Exercise directions. Transcribe nothing except the lines below that run from the one with "در قسمت اول" to the one with "Mitte der 50er-Jahre", ends included, and do not copy any picture.

Information provided.

»»

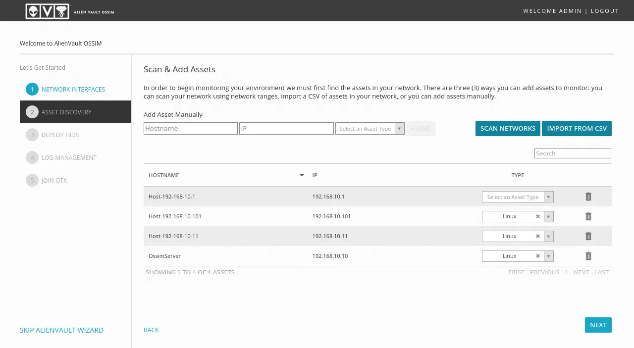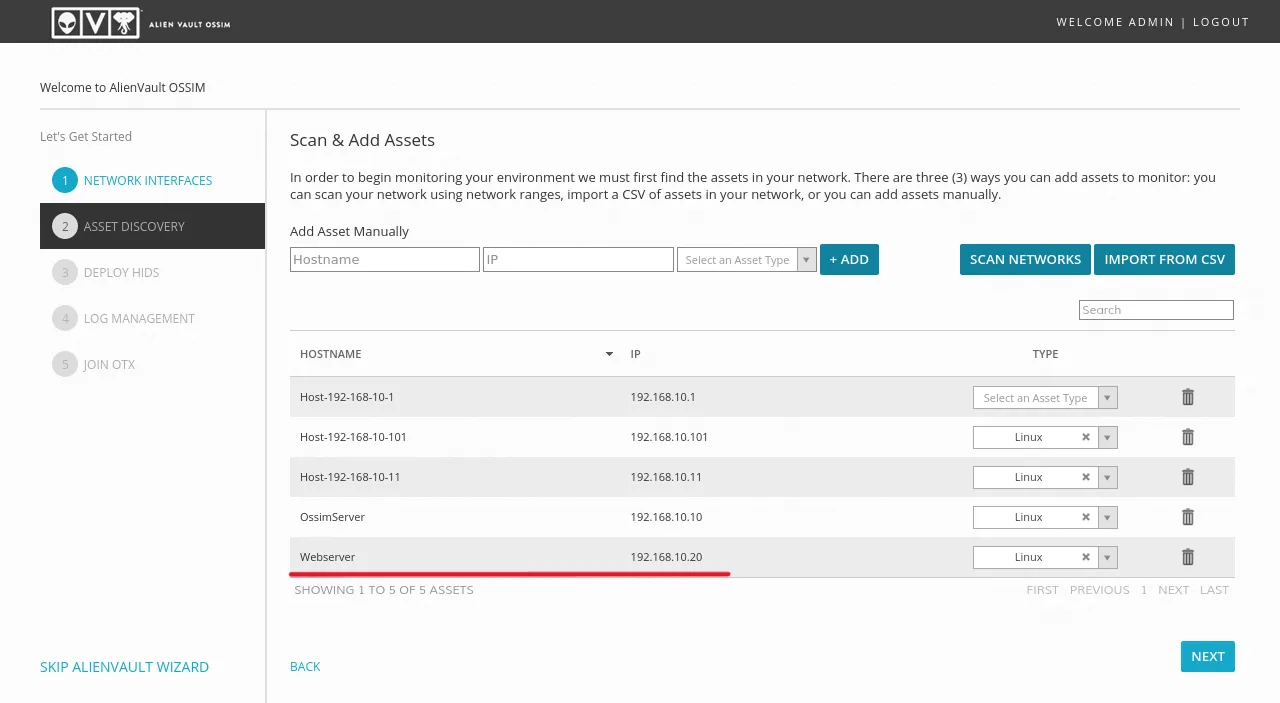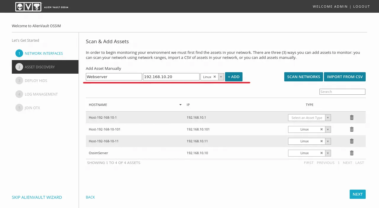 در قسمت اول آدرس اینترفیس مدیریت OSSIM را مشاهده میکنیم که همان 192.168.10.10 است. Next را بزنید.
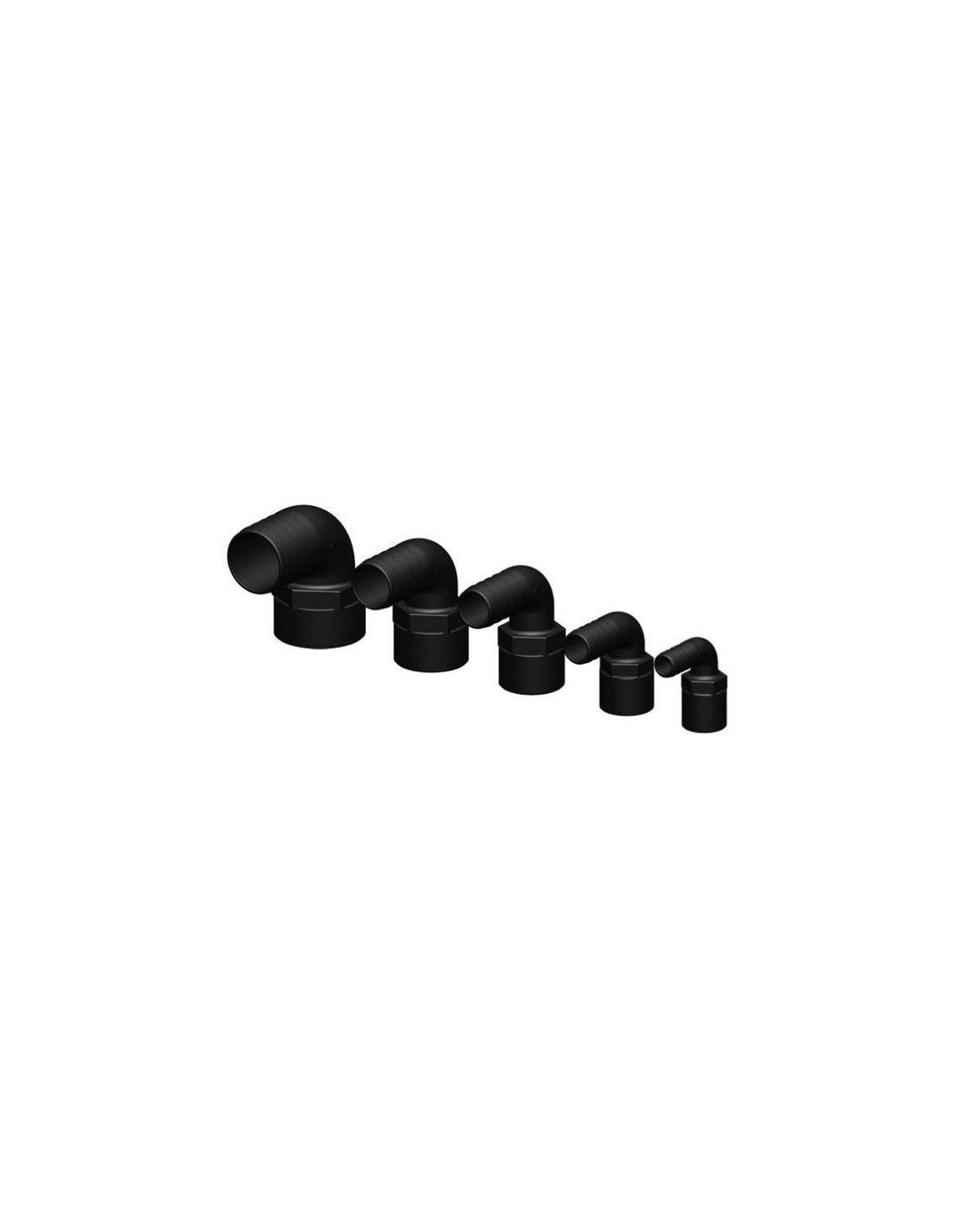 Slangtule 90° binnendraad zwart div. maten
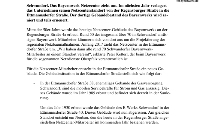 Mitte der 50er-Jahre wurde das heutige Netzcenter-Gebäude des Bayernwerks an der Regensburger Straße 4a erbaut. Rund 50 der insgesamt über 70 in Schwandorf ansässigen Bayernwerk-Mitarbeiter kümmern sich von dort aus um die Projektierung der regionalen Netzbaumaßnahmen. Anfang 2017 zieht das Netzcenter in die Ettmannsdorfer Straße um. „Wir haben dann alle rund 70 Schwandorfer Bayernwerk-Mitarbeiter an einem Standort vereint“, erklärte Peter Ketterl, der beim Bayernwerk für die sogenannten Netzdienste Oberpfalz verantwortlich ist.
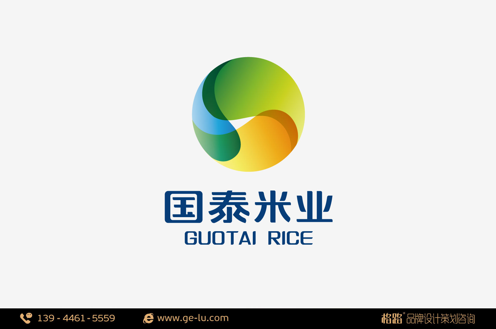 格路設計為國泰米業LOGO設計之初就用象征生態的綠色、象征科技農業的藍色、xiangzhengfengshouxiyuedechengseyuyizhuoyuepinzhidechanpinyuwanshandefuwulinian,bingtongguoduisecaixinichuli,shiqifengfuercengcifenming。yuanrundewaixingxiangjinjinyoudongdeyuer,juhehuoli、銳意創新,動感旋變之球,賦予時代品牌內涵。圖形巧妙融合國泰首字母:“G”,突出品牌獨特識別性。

««
»»

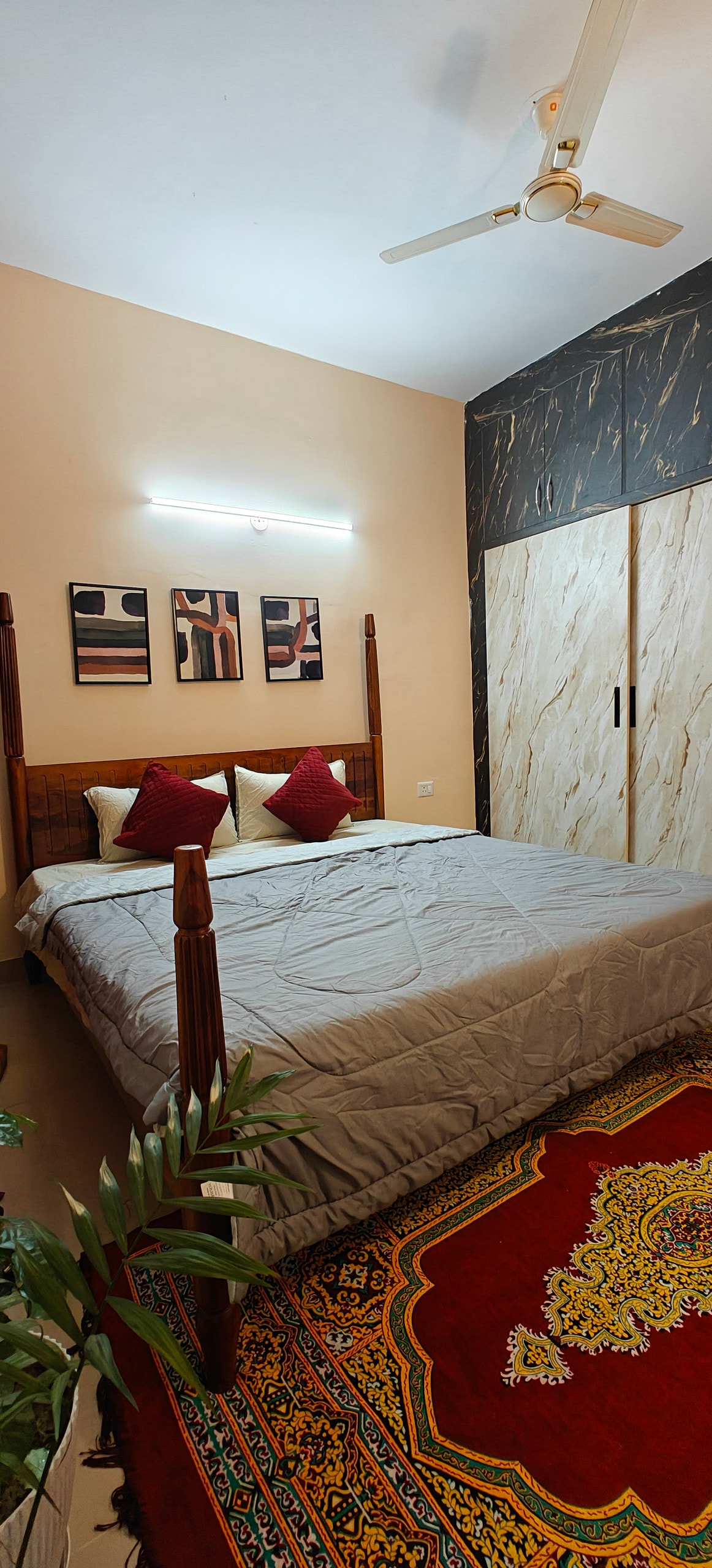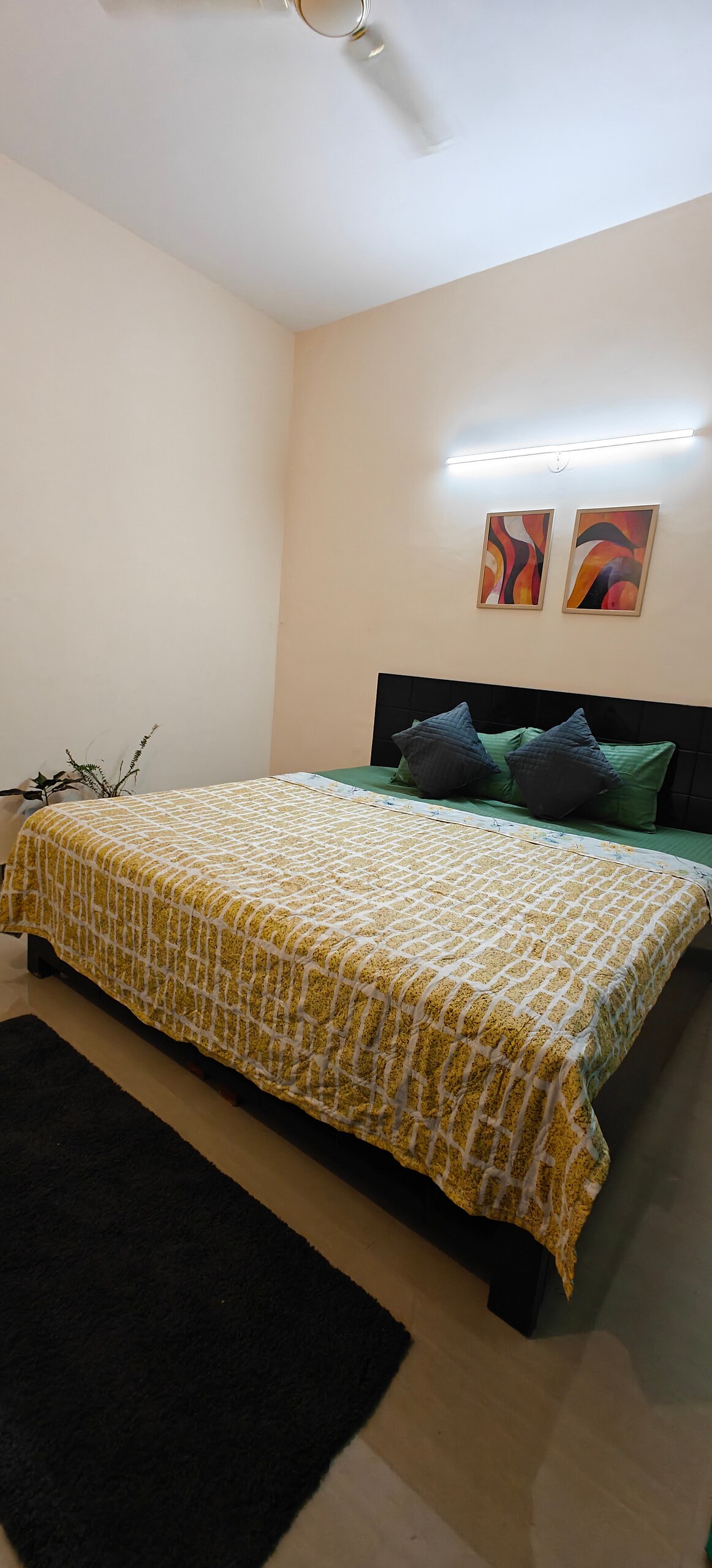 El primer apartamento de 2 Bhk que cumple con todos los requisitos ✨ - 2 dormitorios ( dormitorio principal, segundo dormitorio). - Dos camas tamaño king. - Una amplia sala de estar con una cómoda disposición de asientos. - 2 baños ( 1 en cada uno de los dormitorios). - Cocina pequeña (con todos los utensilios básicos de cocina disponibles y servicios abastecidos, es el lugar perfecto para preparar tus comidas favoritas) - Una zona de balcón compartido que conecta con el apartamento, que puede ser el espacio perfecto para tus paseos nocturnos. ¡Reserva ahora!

««
»»

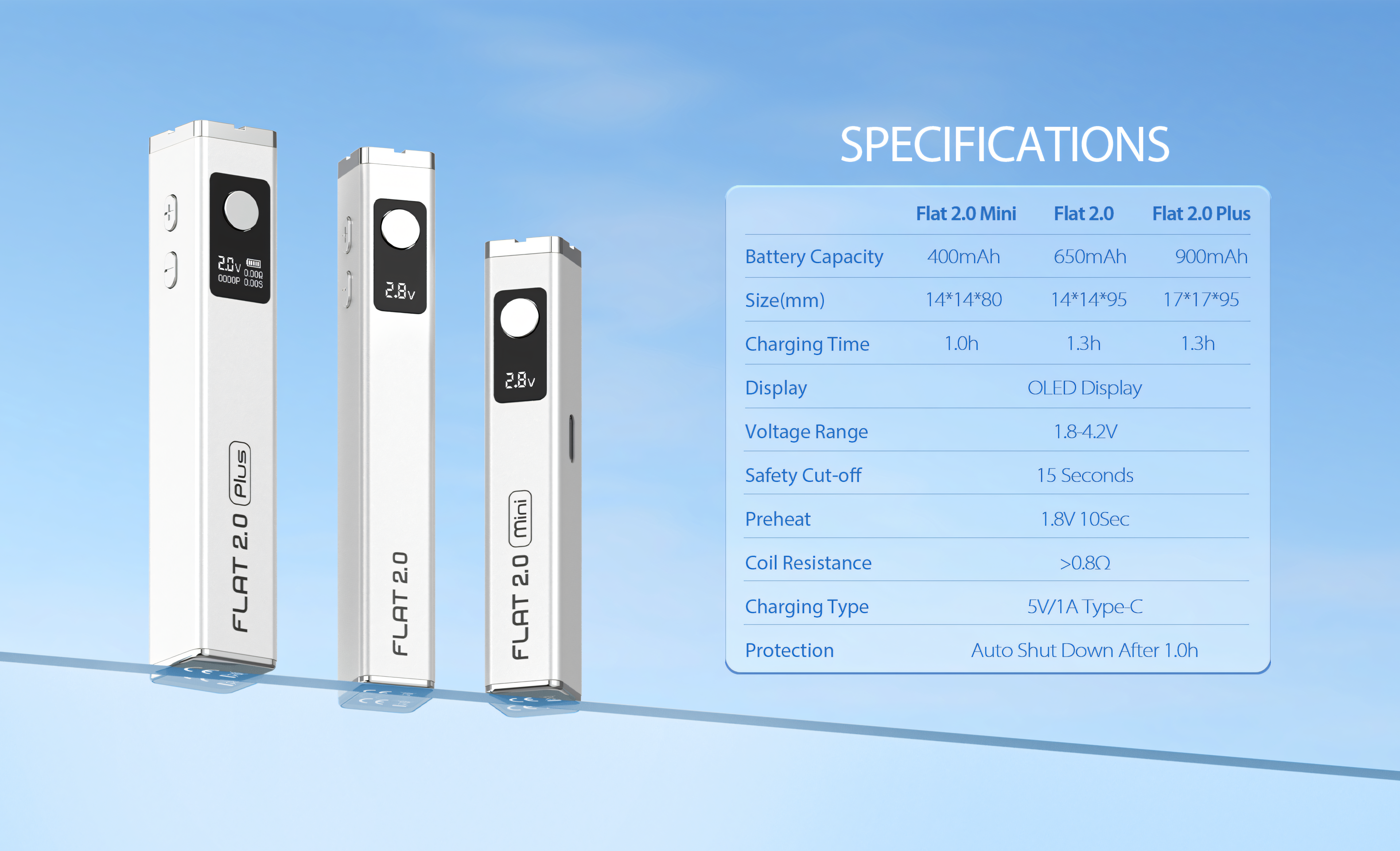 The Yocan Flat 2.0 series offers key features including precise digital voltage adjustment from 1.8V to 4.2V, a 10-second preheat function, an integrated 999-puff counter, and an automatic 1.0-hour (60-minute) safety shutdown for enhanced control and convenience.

««

Task solution.
 در قسمت اول آدرس اینترفیس مدیریت OSSIM را مشاهده میکنیم که همان 192.168.10.10 است. Next را بزنید.
 Slangtule 90° binnendraad zwart div. maten
 Mitte der 50er-Jahre wurde das heutige Netzcenter-Gebäude des Bayernwerks an der Regensburger Straße 4a erbaut. Rund 50 der insgesamt über 70 in Schwandorf ansässigen Bayernwerk-Mitarbeiter kümmern sich von dort aus um die Projektierung der regionalen Netzbaumaßnahmen. Anfang 2017 zieht das Netzcenter in die Ettmannsdorfer Straße um. „Wir haben dann alle rund 70 Schwandorfer Bayernwerk-Mitarbeiter an einem Standort vereint“, erklärte Peter Ketterl, der beim Bayernwerk für die sogenannten Netzdienste Oberpfalz verantwortlich ist.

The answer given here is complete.